◆ Problem to solve
Only the text should come through, so restate the listing exactly and drop its images.

◆ Material provided
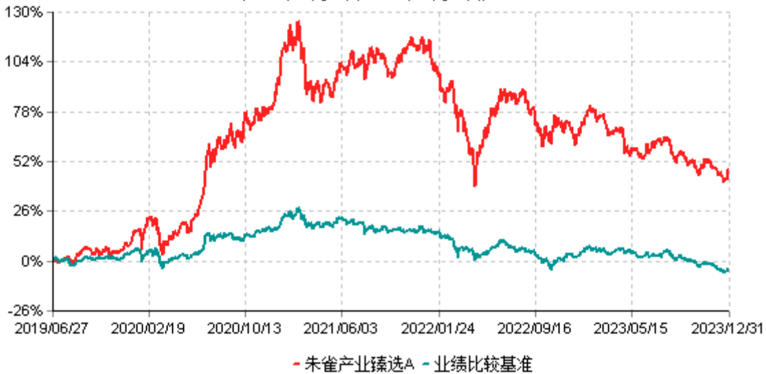
朱雀产业臻选A累计净值增长率与业绩比较基准收益率历史走势对比图 (2019年06月27日-2023年12月31日)
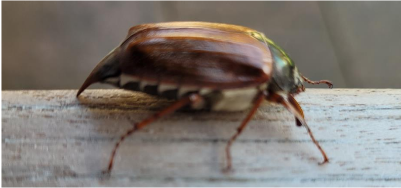
14.4. Maikäfer in Bad Schwartau

Frühjahr startet mit erstem Maikäfer: Ein Mitglied des Umweltbeirats fand bereits am 14.4. einen Maikäfer. Zeugnis für die Beliebtheit der Maikäfer (nicht nur der Schokoladenkäfer) sind das Kinderlied „Maikäfer flieg“ oder die Geschichte vom 5. Streich bei Max und Moritz von Wilhelm Busch. Maikäfer haben von der Paarung und Eiablage bis zum ersten Flug eine vierjährige Entwicklungsphase. Während vor 40 – 50 Jahren die Maikäfer noch häufig auftraten, sind sie heute schon selten geworden. Sogar Reinhard Mey singt: „ Es gibt keine Maikäfer mehr “.
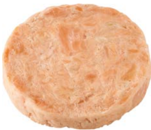
ZALMBURGER BURGER DE SAUMON
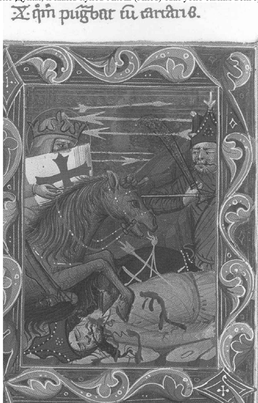
Рис. 2. Бой князя Ласло с куманами. (Magyar Anjou Legendárium, XLIV/10).

после Бихара переплыли Тису около Токая (Токај), а потом войско разделилось на три части, совершая набеги на территории, которые находились на запад от Тисы. Около Бече /Becse/ (ныне Бечей в Сербии) они решили вернуться на родину. Недалеко от этого места, около притока реки Темеш (Temes), на берегу ручья Поганиш /Poganiš/ (ныне Poganiș в Румынии), король Ласло I победил кунов Копулча. 14 По данным хроники, куны хотели отомстить венграм за поражение и ещё раз напали на Венгрию. Но этот новый поход тоже закончился поражением около Дуная, и князь кунов Акош (Ákos) был убит самим венгерским королем. 15
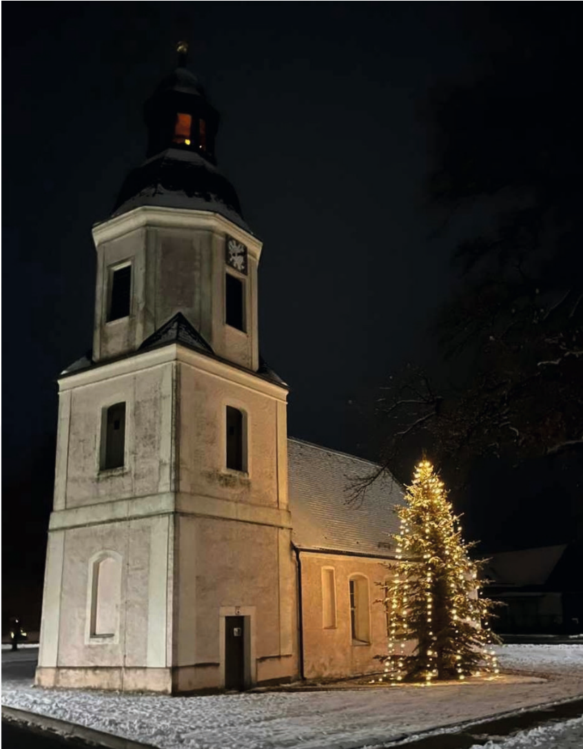
Weihnachten an der Schützberger Kirche
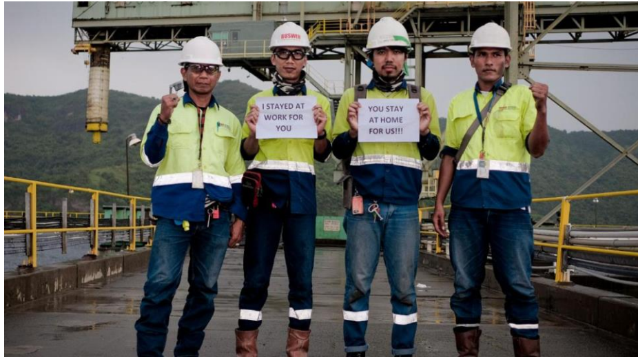
Gambar 2.5 Pakaian Lapangan Teknisi PT Ruswin Indonesia
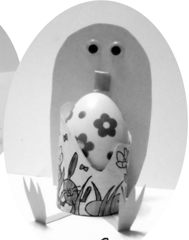
Illustration: © Pfarrbriefservice.de / Sarah Frank
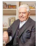
El animador conducirá programa de entrevistas.

Don Francisco y su regreso a Univisión a los 85 años: "Me sigue emocionando comunicar" | C 12
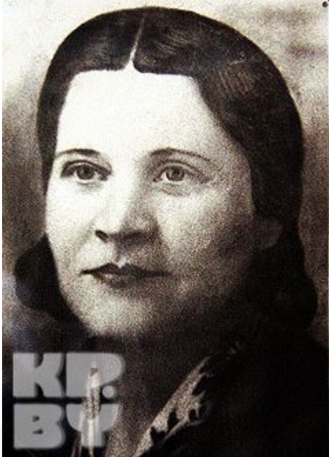
Мать М. Казея
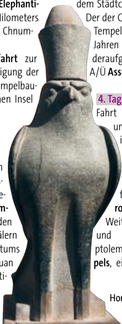
Horusstatue in Edfu

Fahrt nach Kom Ombo und Besichtigungen im großen Doppelheiligtum des krokodilköpfigen Sobek und des falkenköpfigen Haroeris . Anschließend Weiterfahrt nach Edfu und Besichtigung des ptolemäischen Horustempels , einer der besterhal-
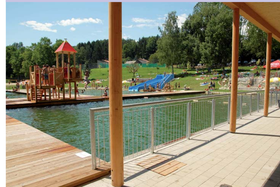
Der überdachte Gebäudeumgang des Umkleide- und Sanitärkomplexes grenzt direkt an den Sprungbereich.

Das alte Betonbecken dient heute als Nichtschwimmerbereich. Es wurde auf einer Schmalseite aufgebrochen und durch ein Flachufer mit Kiesstrand ergänzt. Eine neue Attraktion ist die Trioslide Wasserrutsche mit ihren drei Bahnen, welche ebenfalls in den Nichtschwimmerbereich mündet. Der Tiefbereich wird weiterhin als Sprungbecken genutzt. Neu hinzugekommen ist
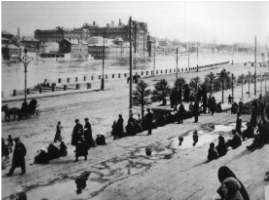
Gezicht op de fabriek van Einem, gezien vanaf de Christus-Verlosserkathedraal

en boven, een serre en een grote stal. Aan de overkant van de binnenplaats waren appartementen voor de fabrieksingenieurs (overwegend Duitsers), doktersassistenten, gehuwde en ongehuwde werknemers, huishoudsters en voerlui, en verder een bibliotheek, een wasserij, diverse slaapzalen en kantines voor de arbeiders. De fabriek stond bekend om de hoge lonen, goede werkomstandigheden, het amateurtheater en een actief door de politie gesteund wederzijds hulpfonds. De zondagse lunch omvatte ook een glas wodka of een halve fles bier; pensioengasten die jonger dan zestien waren, kregen gratis kleding, zongen in een koor, werkten in het pakhuis (ongeveer elf uur per dag) en moesten om acht uur 's avonds binnen zijn. Ongeveer de helft van de arbeiders zat daar meer
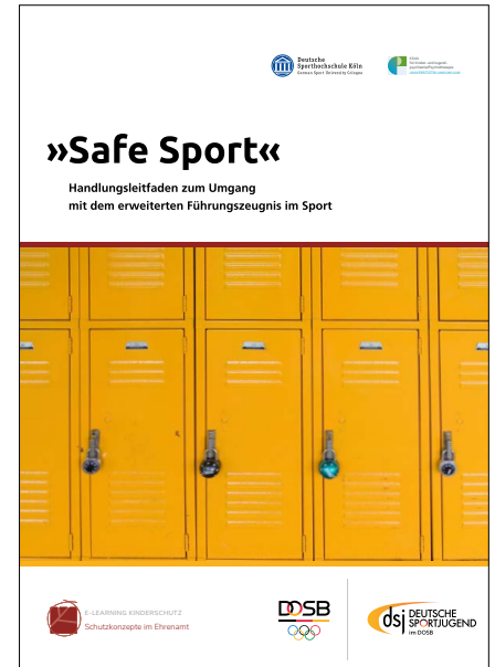
Safe Sport – Handlungsleitfaden zum Umgang mit dem erweiterten Führungszeugnis im Sport
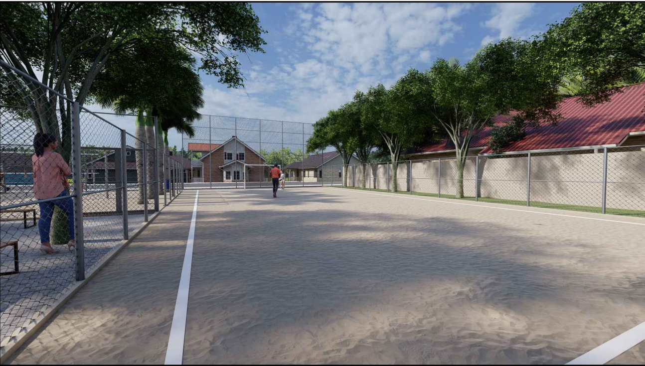
Vista Campo de Futebol

◆ Exercise output
朱雀产业臻选A累计净值增长率与业绩比较基准收益率历史走势对比图 (2019年06月27日-2023年12月31日)
14.4. Maikäfer in Bad Schwartau

Frühjahr startet mit erstem Maikäfer: Ein Mitglied des Umweltbeirats fand bereits am 14.4. einen Maikäfer. Zeugnis für die Beliebtheit der Maikäfer (nicht nur der Schokoladenkäfer) sind das Kinderlied „Maikäfer flieg“ oder die Geschichte vom 5. Streich bei Max und Moritz von Wilhelm Busch. Maikäfer haben von der Paarung und Eiablage bis zum ersten Flug eine vierjährige Entwicklungsphase. Während vor 40 – 50 Jahren die Maikäfer noch häufig auftraten, sind sie heute schon selten geworden. Sogar Reinhard Mey singt: „ Es gibt keine Maikäfer mehr “.
ZALMBURGER BURGER DE SAUMON
Рис. 2. Бой князя Ласло с куманами. (Magyar Anjou Legendárium, XLIV/10).

после Бихара переплыли Тису около Токая (Токај), а потом войско разделилось на три части, совершая набеги на территории, которые находились на запад от Тисы. Около Бече /Becse/ (ныне Бечей в Сербии) они решили вернуться на родину. Недалеко от этого места, около притока реки Темеш (Temes), на берегу ручья Поганиш /Poganiš/ (ныне Poganiș в Румынии), король Ласло I победил кунов Копулча. 14 По данным хроники, куны хотели отомстить венграм за поражение и ещё раз напали на Венгрию. Но этот новый поход тоже закончился поражением около Дуная, и князь кунов Акош (Ákos) был убит самим венгерским королем. 15
Weihnachten an der Schützberger Kirche
Gambar 2.5 Pakaian Lapangan Teknisi PT Ruswin Indonesia
Illustration: © Pfarrbriefservice.de / Sarah Frank
El animador conducirá programa de entrevistas.

Don Francisco y su regreso a Univisión a los 85 años: "Me sigue emocionando comunicar" | C 12
Мать М. Казея
Horusstatue in Edfu

Fahrt nach Kom Ombo und Besichtigungen im großen Doppelheiligtum des krokodilköpfigen Sobek und des falkenköpfigen Haroeris . Anschließend Weiterfahrt nach Edfu und Besichtigung des ptolemäischen Horustempels , einer der besterhal-
Der überdachte Gebäudeumgang des Umkleide- und Sanitärkomplexes grenzt direkt an den Sprungbereich.

Das alte Betonbecken dient heute als Nichtschwimmerbereich. Es wurde auf einer Schmalseite aufgebrochen und durch ein Flachufer mit Kiesstrand ergänzt. Eine neue Attraktion ist die Trioslide Wasserrutsche mit ihren drei Bahnen, welche ebenfalls in den Nichtschwimmerbereich mündet. Der Tiefbereich wird weiterhin als Sprungbecken genutzt. Neu hinzugekommen ist
Gezicht op de fabriek van Einem, gezien vanaf de Christus-Verlosserkathedraal

en boven, een serre en een grote stal. Aan de overkant van de binnenplaats waren appartementen voor de fabrieksingenieurs (overwegend Duitsers), doktersassistenten, gehuwde en ongehuwde werknemers, huishoudsters en voerlui, en verder een bibliotheek, een wasserij, diverse slaapzalen en kantines voor de arbeiders. De fabriek stond bekend om de hoge lonen, goede werkomstandigheden, het amateurtheater en een actief door de politie gesteund wederzijds hulpfonds. De zondagse lunch omvatte ook een glas wodka of een halve fles bier; pensioengasten die jonger dan zestien waren, kregen gratis kleding, zongen in een koor, werkten in het pakhuis (ongeveer elf uur per dag) en moesten om acht uur 's avonds binnen zijn. Ongeveer de helft van de arbeiders zat daar meer
Safe Sport – Handlungsleitfaden zum Umgang mit dem erweiterten Führungszeugnis im Sport
Vista Campo de Futebol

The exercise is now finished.